Fundamental Attribution Error
The tendency for people to over-emphasize personality-based explanations for behaviors observed in others while under-emphasizing the role and power of situational influences on the same behavior.
Rationalization
The process of constructing a logical justification for a decision that was originally arrived at through a non-rational decision process. Can be conscious, but is mostly subconscious.
Bandwagon Effect
The tendency to do (or believe) things because many other people do (or believe) the same.
Status Quo Bias
The tendency for people to like things to stay relatively the same. The preference towards alternatives that maintain or perpetuate the current situation even when better alternatives exist.
Illusion of Control
The tendency for human beings to believe they can control or at least influence outcomes which they clearly cannot.
Prudence Trap
When faced with high-stakes decisions, we tend to adjust our estimates or forecast to be "on the safe side".
Recallability Trap
Giving undue weight to recent, dramatic events.
Sunk Cost Bias
To make choices in a way that justifies past choices, even when the past choices no longer seem valid.
Loss Aversion
The tendency for people to strongly prefer avoiding losses than acquiring gains.
Survivorship Bias
For example, the frequent mistake to forget to include companies that no longer exist in research reports studying various forms of corporate performance.

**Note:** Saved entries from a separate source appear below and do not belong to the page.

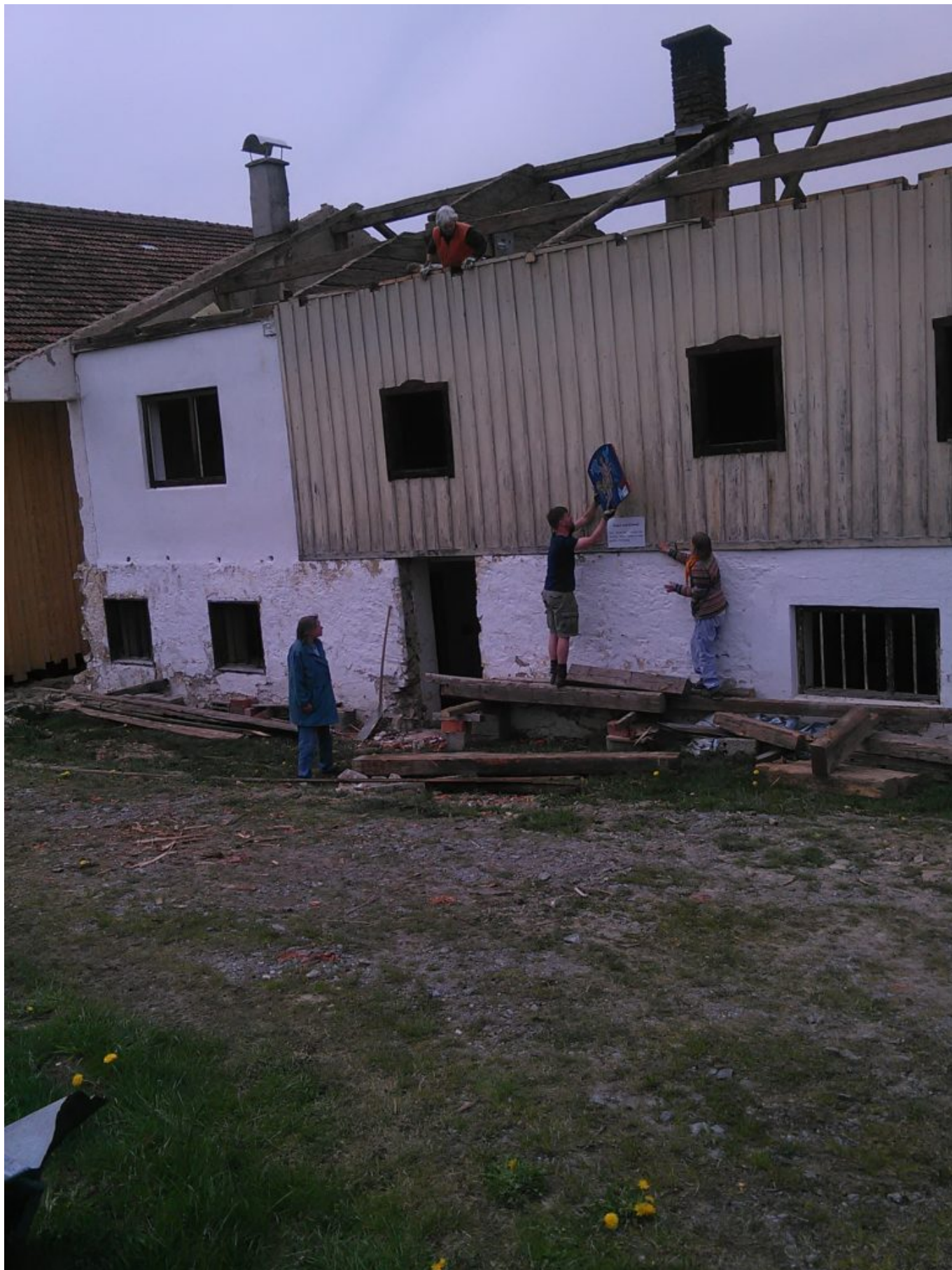
Das Bielmeier-Albert-Wohnhaus wird abgerissen, die Votivtafel mit Engel und Sinnspruch vorsichtig entfernt.
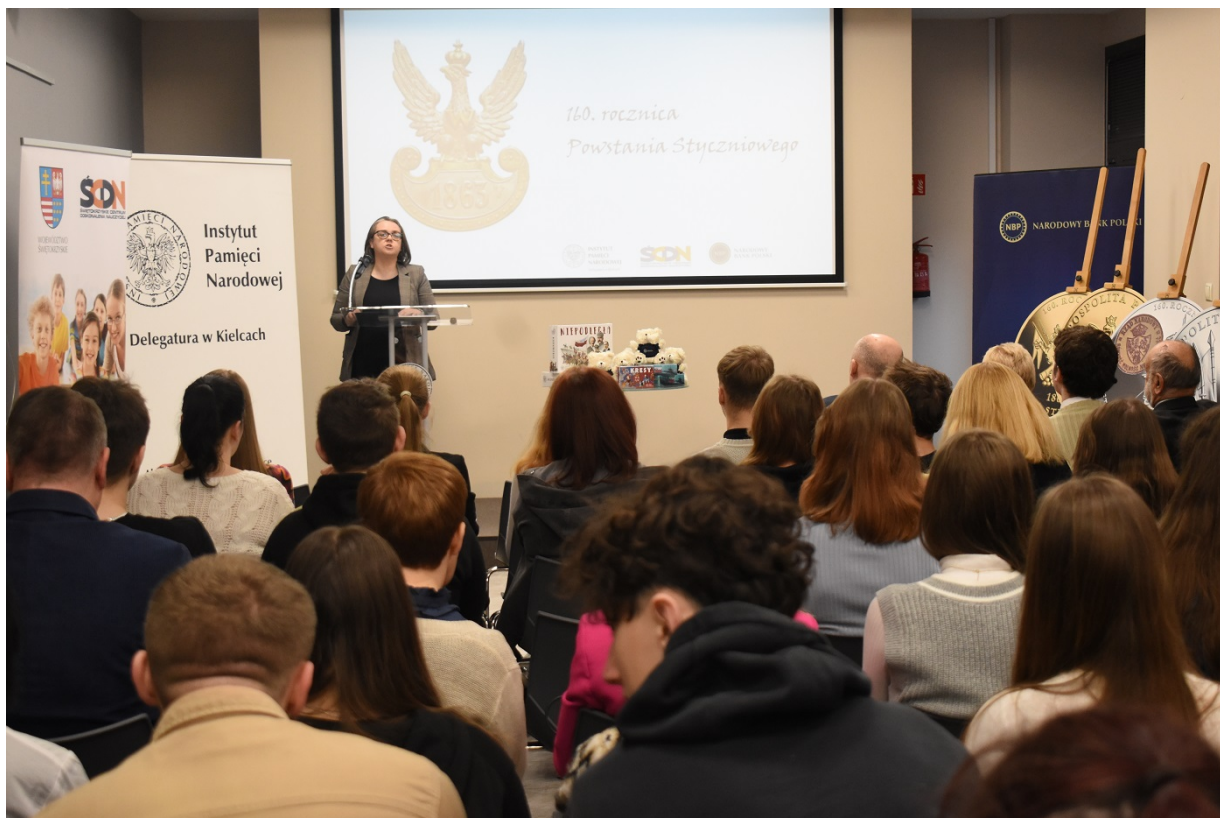
Spotkanie na Przystanku Historia w Kielcach - 160 rocznica wybuchu powstania styczniowego.
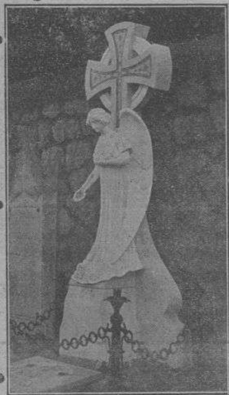
Tumba propiedad de D. Juan Canals en el Cementerio de Sóller

Succursale a REMOULINS. — Téléphone n.º 7.
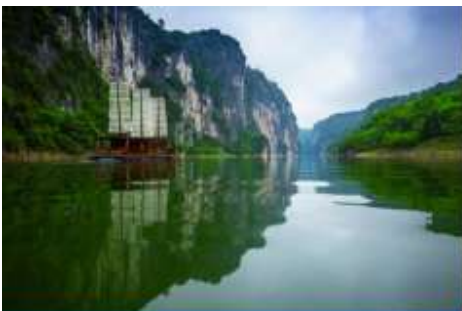
ล่องเรือ เหมาหยินเหอ
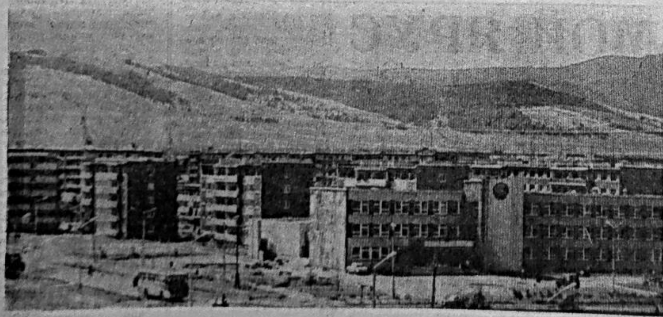
У подножия Саян растет город энергетиков, камнеобработчиков, металлургов.

(Герберт Уэллс, английский писатель-фантаст).
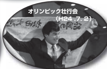
オリンピック壮行会 (H24.7.2)
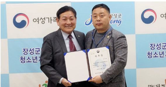
법무부 보호관찰위원회 위촉
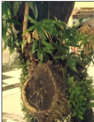
Figura 8. Problemas com compartimentalização em árvores

O estado do tronco se mostrou íntegro na maioria dos casos (85,59%), não apresentando danos físicos ou fitossanitários, porém, problemas relacionados a vandalismo (6,99%) e problemas com poda (compartimentalização) (4,11%) foram identificados em algumas das árvores (Figura 8).
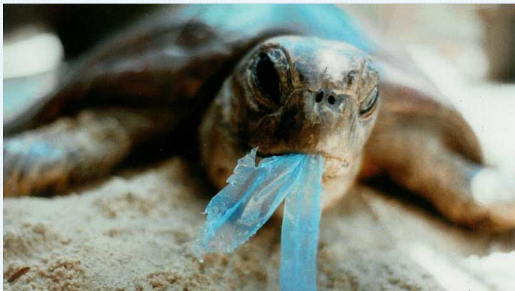
Immagine della Plastica ..... tra Marine Littering e Riciclabilità.
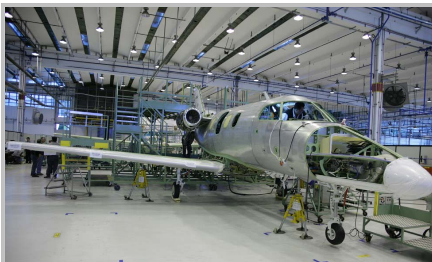
Montagem do primeiro Phenom 100
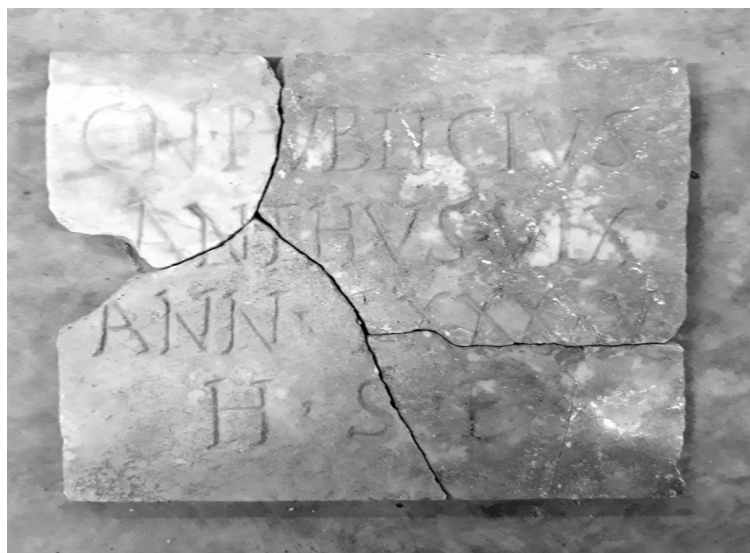
Fig.. 2. Taranto, ex convento di S. Antonio nr. inv. 37105
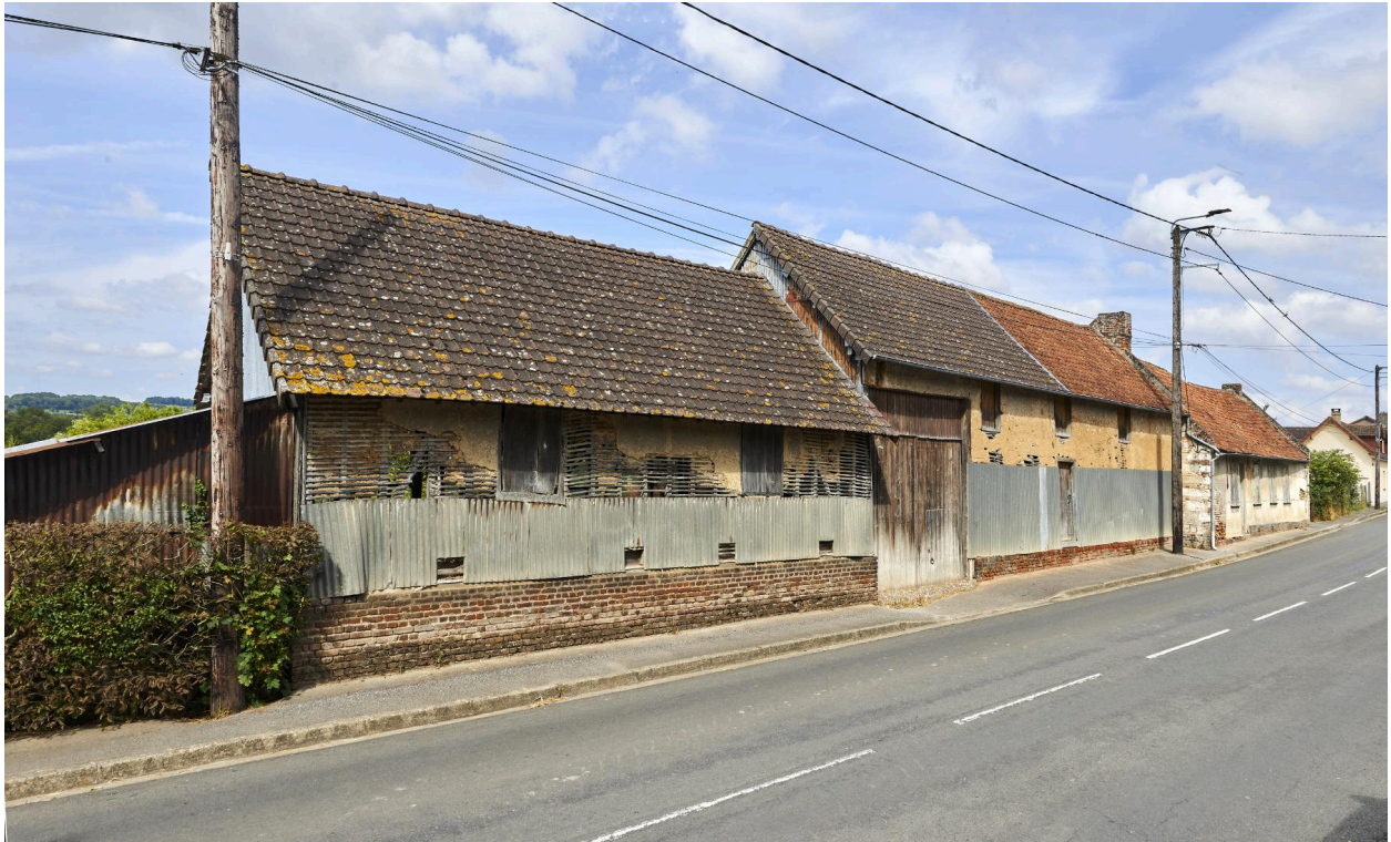
Vue sud des bâtiments agricoles, depuis la rue.
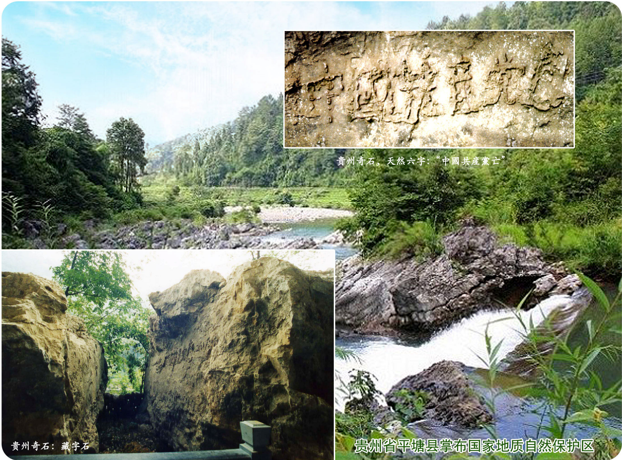
贵州奇石，天然六字：“中國共產黨亡”
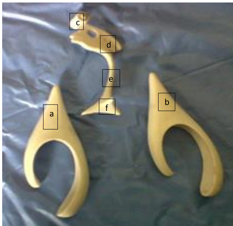
Fotografía 1. Ventrículos encefálicos. a) Ventrículo lateral izquierdo; b) ventrículo lateral derecho; c) conducto interventricular; d) tercer ventrículo; e) acueducto mesencefálico y f) cuarto ventrículo.

En el estudio adelantado por los autores Martínez et al. (2006), en el que aplicaron la técnica de inyección y de corrosión, utilizando ácido sulfúrico al 98% y encéfalos fijados previamente en formol al 5%, los modelos fueron de menor calidad, con rugosidades y arquitectura anatómica deficiente. De igual modo, no se estimó el grado de fidelidad final con respecto a la pieza o molde patrón; además, se destaca, en dicho estudio, que por el diámetro del acueducto mesencefálico durante la salida del molde, se presentaron daños en el tejido, los cuales, fueron corregidos con el uso de un alambre, comunicando el tercer y cuarto ventrículo, que se recubrió con resina, razón por la cual, se destinaron las piezas para docencia mas no para investigación. De igual forma, de las tres piezas, una presentó asimetría ventricular, dada por un cuerno occipital izquierdo más pequeño que el
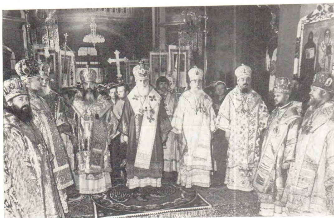
Во время Божественной литургии
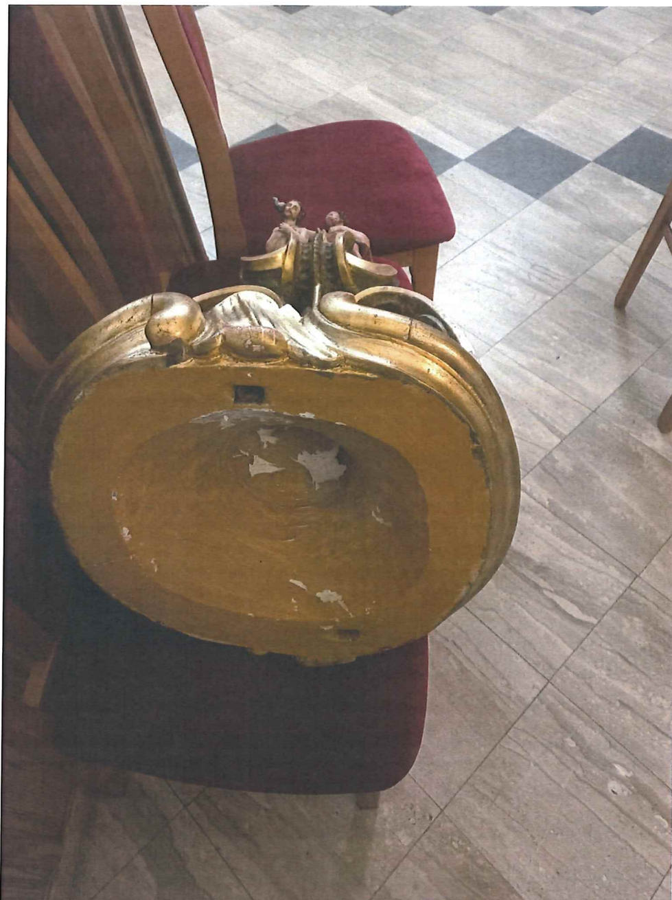
Fot.8 Nakrywa chrzcielnicy. Stan zachowania obiektu przed konserwacją. Widoczne łuszczące się płyty farby.
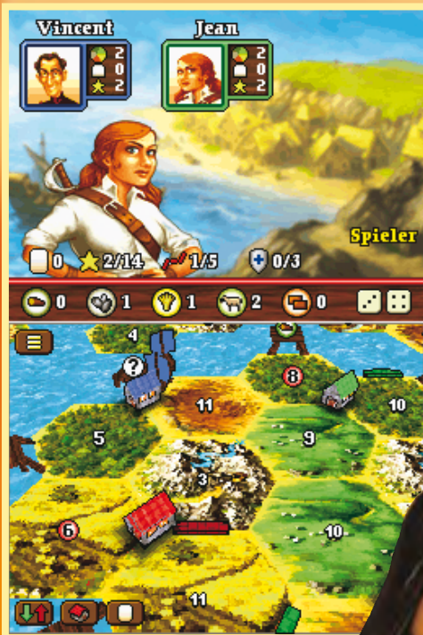
Putzige, aber übersichtliche Optik hilft beim Planen.
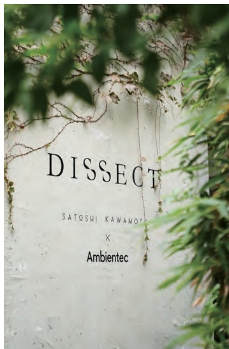
《DISSECT》展 / DESIGNART TOKYO 2022 @ LIGHT BOX STUDIO AOYAMA

The crystal glass is carefully cut by skilled craftsmen, Ambientec's unique double-sided LED developed for Xtal, and the domed mirrored metal reflector. The combination of these elements creates a dignified sparkle and radiant projection that leads to a special space.
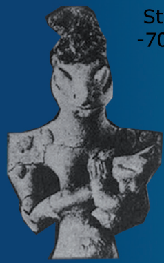
Statuette Sumérienne, Anounakis. -7000 à -12000 Av j.C.
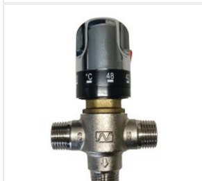
Termostatyczny za... 205,00 PLN

Decision-Making Mistakes Related to Bias
In their book Decision Traps, Russo and Shoemaker reveal the ten most common mistakes in decision-making, many of which are related to cognitive bias:
- Plunging In: Beginning to gather information and reach conclusions too early.
- Frame Blindness: Creating a mental framework for your decision.
- Lack of Frame Control: Failing to define the problem in more than one way.
- Overconfidence in Your Judgment: Failing to gather key factual information.
- Shortsighted Shortcuts: Relying inappropriately on “rules of thumb”.
- Shooting from the Hip: Failing to follow a systematic procedure when making the final decision.
- Group Failure: Failing to manage the group decision-making process.
- Fooling Yourself About Feedback: Failing to interpret the evidence from past outcomes correctly.
- Not Keeping Track: Failing to keep systematic records to track the results of your decisions.
- Failure to Audit Your Decision Process: Failing to create an organized approach to understand your own decision-making.